Horsetail is an invasive plant that produces long lived resilient tubers , and has a tap root that runs deep in the soil. The root can go down as far as two meters, so I am told. They form large clumps of dense green shoots that can easily out compete other plants.

They spread fast underground via their root system, and in the early spring via spore heads that pop up.

They are often put in the same group as ferns, but are really their own family of plants called Equisetaceae of which horsetail (Equisetum) is the only living genus. It is basically a living fossil, with related plants going back as far as the Devonian.


I do not condone the use of weed killers, and they are fairly ineffective against horsetail anyway. They might well kill the plant above ground, but they wont kill the tubers or the roots, so even after a liberal coating they will grow back. The reality is that if you have any significant horsetail growth in your garden then trying to eradicate it is pointless.

There are only really two ways to try and control horsetail growth, and it is best to make peace with the fact it is there, keep it in check in places where it isn't wanted like vegetable patches, and maybe embrace it in other parts.

control through weeding

In early spring if you see the spore heads popping up just nip them off before they mature and spread spores everywhere. Then whenever you see a young horsetail plant pop up cut it off at the soil to stop it photosynthesizing and making food for the roots.

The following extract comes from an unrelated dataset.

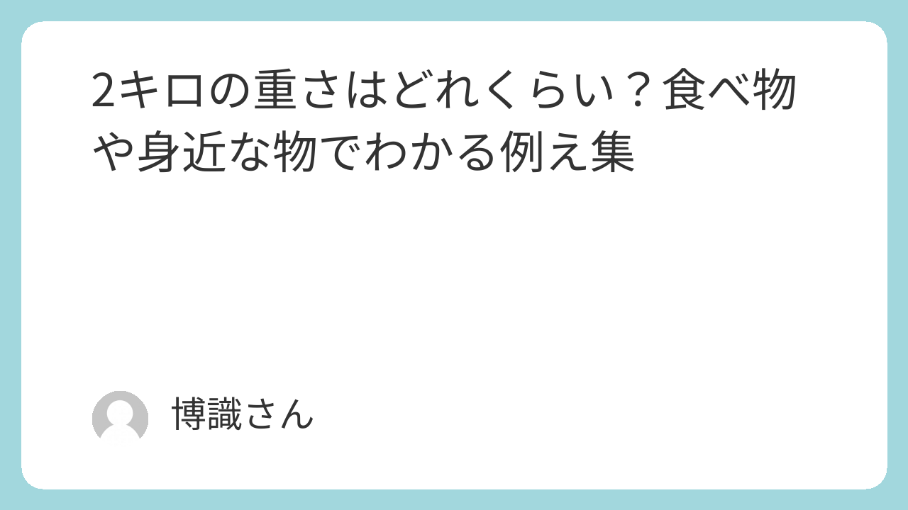 そこで本記事では、2キロを身近な食べ物や生活用品で具体的に例えてわかりやすく解説します。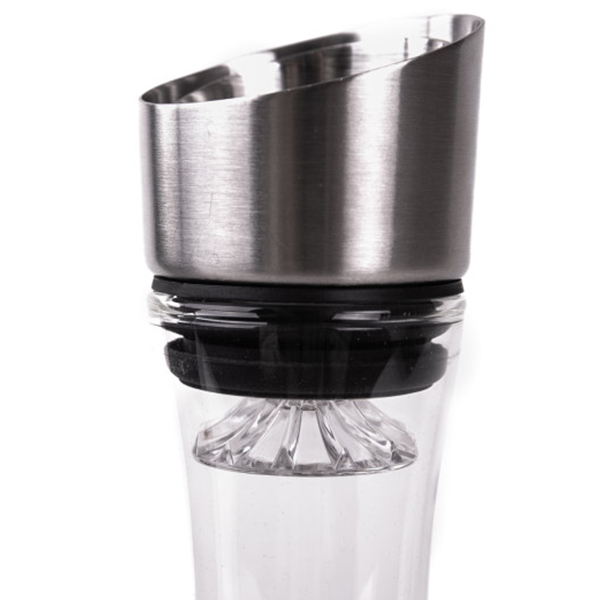 За върховно дегустационно изживяване, оборудвахме този декантер с 3-в-1 стопер, който включва филтър, аератор и наливник. Преди сервиране на виното е важно да го филтрирате. Тази стъпка гарантира кристално чисто вино. Филтърът в нашия стопер задържа всички отлагания в бутилката, осигурявайки качествено вкусово изживяване. Също така е важно виното да се аерира преди сервиране, за да се стимулира букетът и да се насища с кислород. С аератора в нашия декантер виното се разпределя равномерно по стената. Той изважда на преден план нотките и ароматите на вашите най-добри вина, независимо дали са дървесни, плодови, сухи, структурирани или много други. След като виното ви е достатъчно аерирано, остава само да го сервирате. При наливане виното преминава през външната стена, за да се избегне събирането на отлагания от филтъра. Формата на декантера го прави лесен за държане, а наливникът ви позволява да сервирате виното с класа и лекота. Нашите декантери са ръчно изработени от стъклодухачи. Тяхното неподражаемо ноу-хау гарантира качеството на нашите продукти и висококачествен завършек. Всяка бутилка е изработена от 100% кристално стъкло, предлагащо здравина и финес, за да подобрят вкуса на всички ваши напитки. Съвети от производителя: За да поддържате декантера, препоръчваме да го миете на ръка. Избягвайте почистване с абразивни препарати и съдомиялна машина, тъй като те могат да оставят отлагания в пукнатините на планината.

Don't bother trying to dig them up, the roots go too deep, and if you break bits off in the soil you just end up with more of them as the bits of remaining root can grow into new plants.

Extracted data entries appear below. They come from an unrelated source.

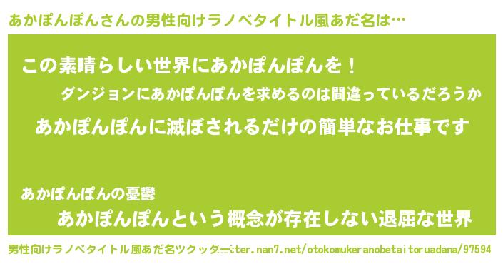 | 意味不明あだ名 | 『住所不定無職あかぽんぽん(8歳)』 |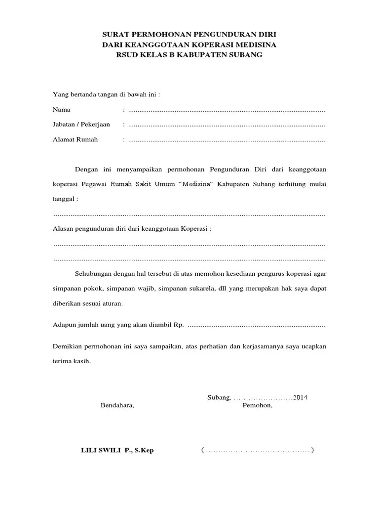 Contoh Surat Pengunduran Diri Kerja Dari Koperasi - 6000 untuk memperkuat pernyataan anda di mata hukum. Di bawah ini akan kami berikan daftar beberapa contoh surat pengunduran diri kerja anda dari perusahaan anda. Contoh surat pengunduran diri kerja dari perusahaan sekarang ini ada banyak sekali perusahaan yang bergerak di indonesia baik itu perusahaan penyedia jasa maupun perusahaan penyedia produk. Contoh surat pengunduran diatas cukup simple dan sederhana cocok bila dipakai untuk mengundurkan diri dari instansi kecil semacam koperasi.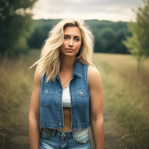 Beautiful countryside ((French))female blonde, ((photo realistic)), d-cup, no shirt, perky boobs, (topless), tight denim shorts, thick thighs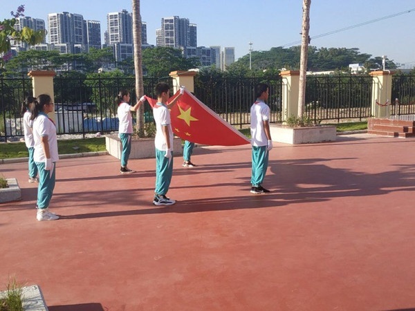 會操表演在雄壯的國歌聲下拉開了帷幕,升旗儀式后同學(xué)們舉起右拳莊嚴(yán)宣誓: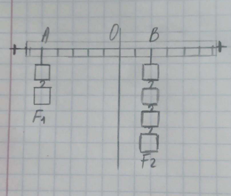 Найти момент силы F1 (см. рис) Вес каждого груза 1 Н, одно деление 1 см.

Eventually, if you keep on it, you will weaken the roots; and maybe after a few years be rid of them.

Do not put horsetail in the compost, you might end up spreading it everywhere.

control through planting

Horsetail need a lot of sun to make sugars to send to the roots, and it likes full sun. If you plant taller plants and shrubs that block the sun then they will eventually weaken it and the horsetail will get bored and move on.

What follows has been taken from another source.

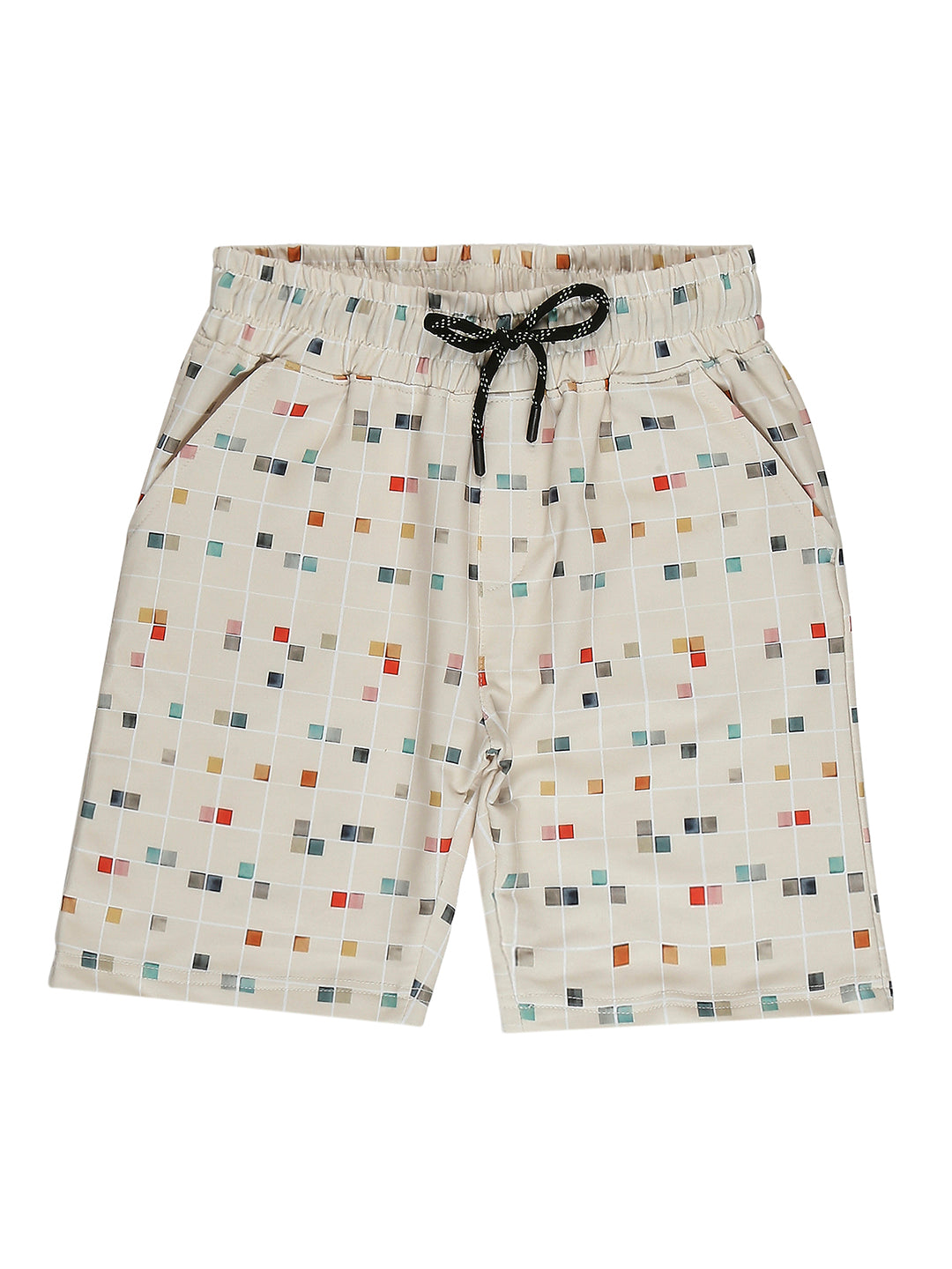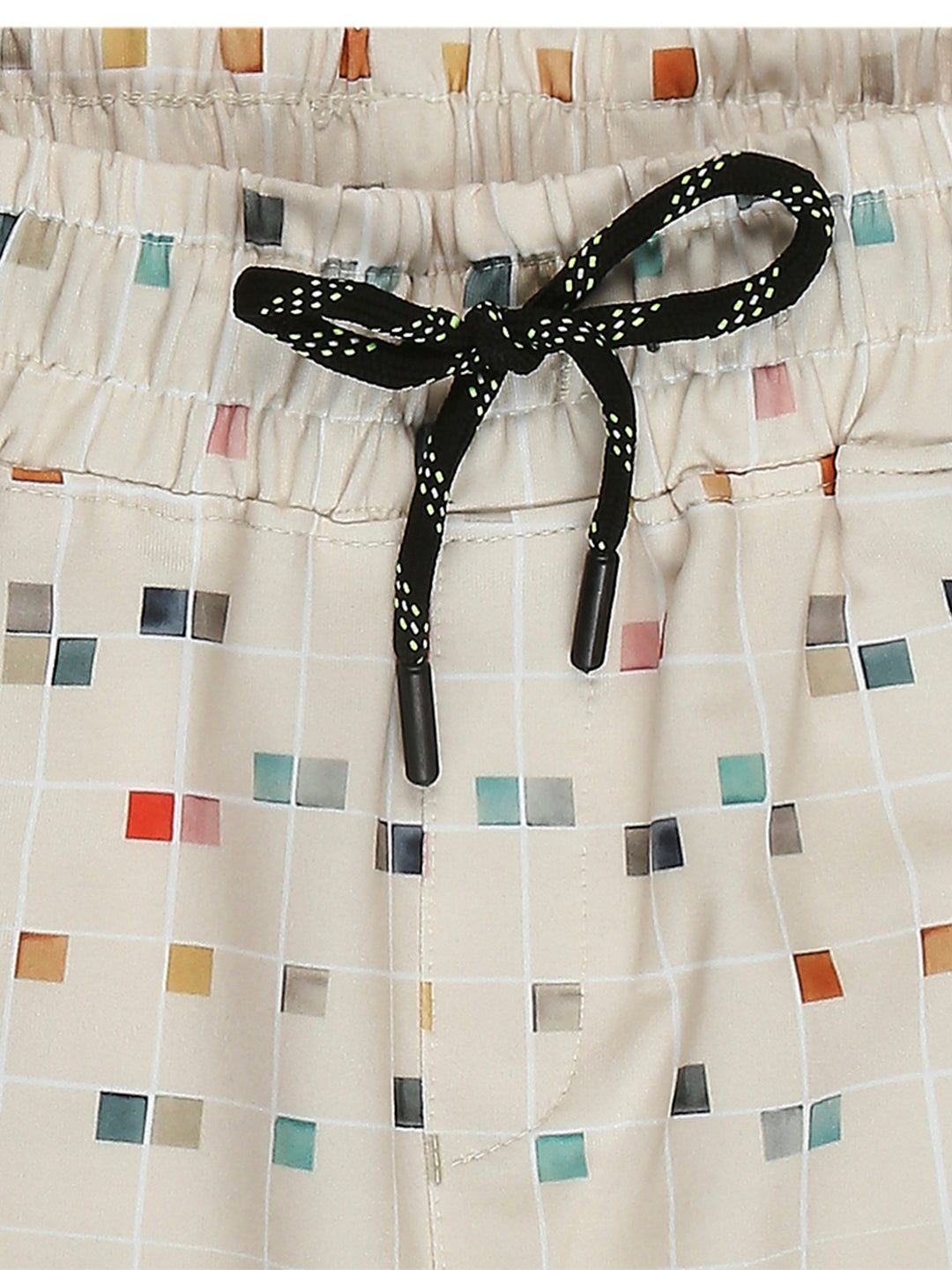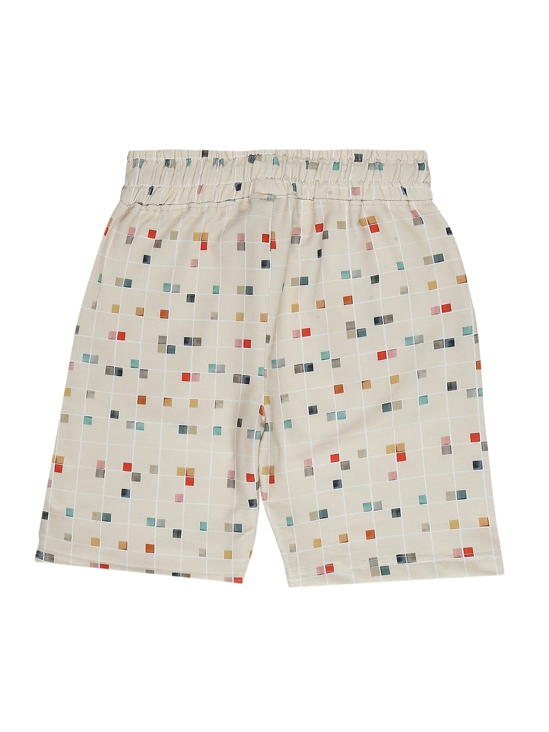 Cream-coloured and red geometric printed Shorts ,has a drawstring closure

Dense leafy shrubs and big ferns will do a good job of keeping the sun off, Just grow a bunch of stuff that can out compete it.

Grow a good dense cottage flower bed with lots of tall flowers that for pollinators, or maybe sow a bunch of vigorous native wild flowers to out compete them. If you just grow stuff that will shade them then they will eventually go away.


The fact is that horsetail is not all that ugly. Yes, it is annoying when it gets places you really don't want it, but that is gardening for you. I have been pulling up sweet pea plants for years, and there seems no end in sight to them either.

The fact is that if you keep weeding, grow what you want and just learn to live with it, you can live a pretty peaceful co-existence with it.